Does $x^3 \equiv 6 \pmod {11}$ have any solutions?

Question

My gut instinct is that it does not, but I am unsure of how to show this... and I think the $x^3$ is what is causing me trouble in figuring this out. I have attempted to rewrite it using the definition of divisibility and proceeding to $x^3-6=11k$, where $k$ is an integer. However, at this point I am unsure of how to proceed. What would the next step be, or is this the wrong way to approach this problem?

Answer 1

The solution is $$x=8 \mod{11}$$ We know it is unique by finding the values of $x^3 \mod{11}$ for $0 \le x \lt 11$ as we can reduce all other values of $x$ I to this range.

Answer 2

Make a table of cubes.

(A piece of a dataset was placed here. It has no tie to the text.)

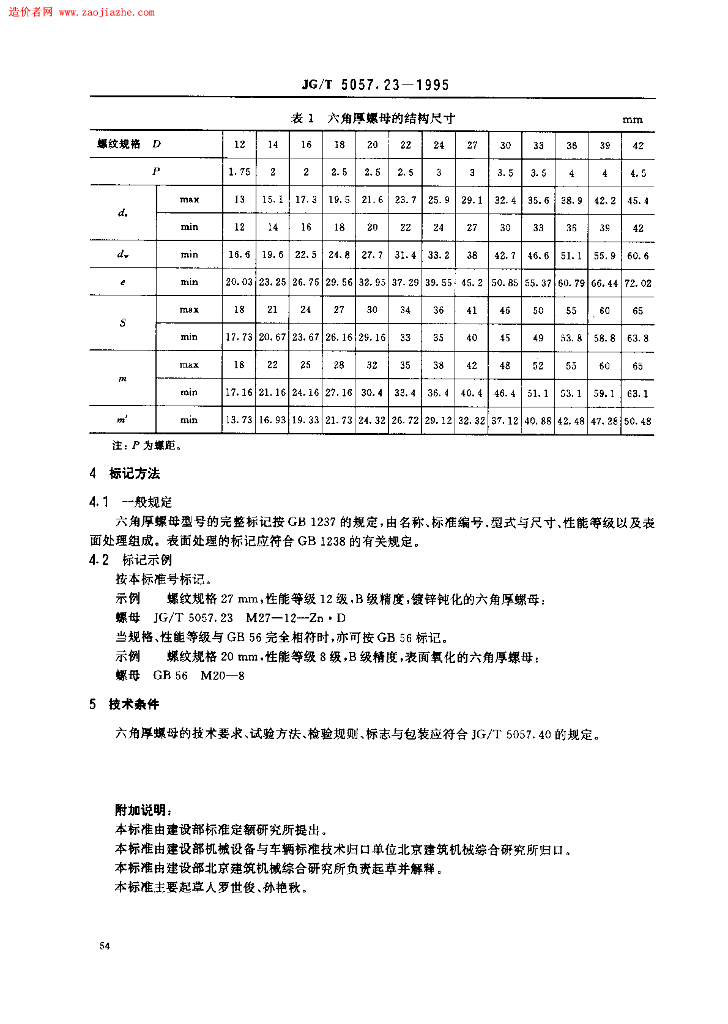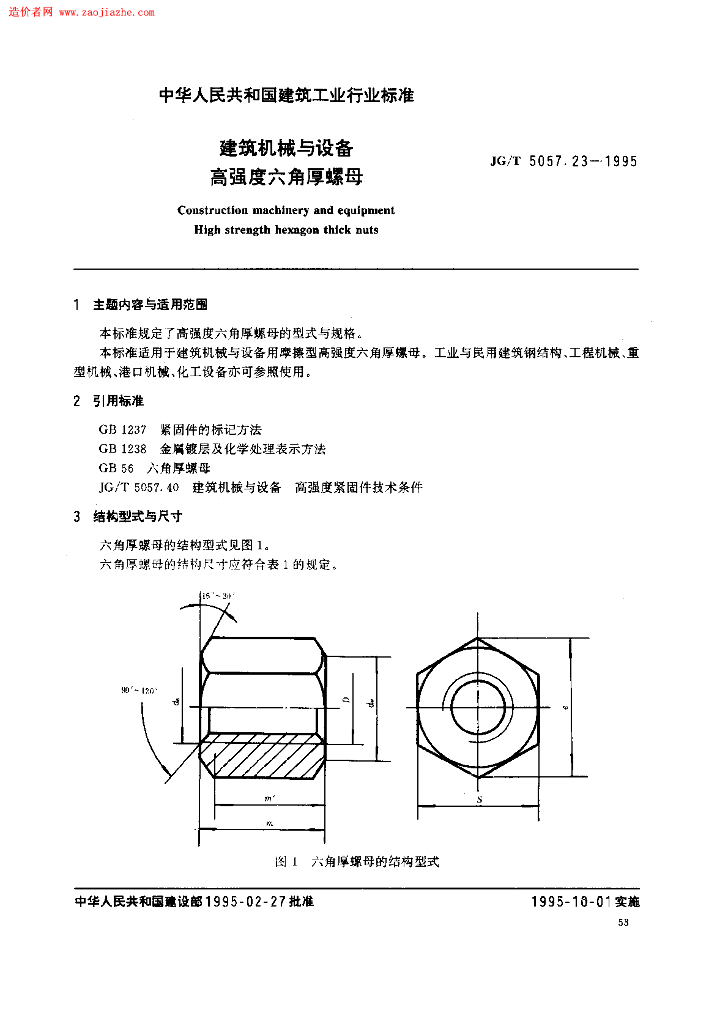 JG/T 5057.23-1995 建筑机械与设备高强度六角厚螺母规范

As it is obvious that $0,1,-1$ are not solutions, we'll make a table for the other values. Note that $6\equiv -5\mod 11$: \begin{array}{l|rrrr|} x&\pm2&\pm3&\pm 4&\pm 5 \cr \hline x^2&4&-2&5&3\cr x^3& \mp3&\pm 5&\mp2&\pm4 \cr \hline \end{array}

so the solutions are $\;x\equiv -3\;\text{ (or }8)\mod 11$.

Answer 3

$\bmod 11\!:\ \left[x^{\large 3}\equiv 6\right]^{\large -3}\!\!\!\!\!\!\Longrightarrow\, \underbrace{x^{\large -9}}_{\Large x}\equiv \left(\dfrac{1}6\right)^{\large 3}\!\!\equiv \left(\dfrac{12}6\right)^{\large 3}\!\!\equiv 8$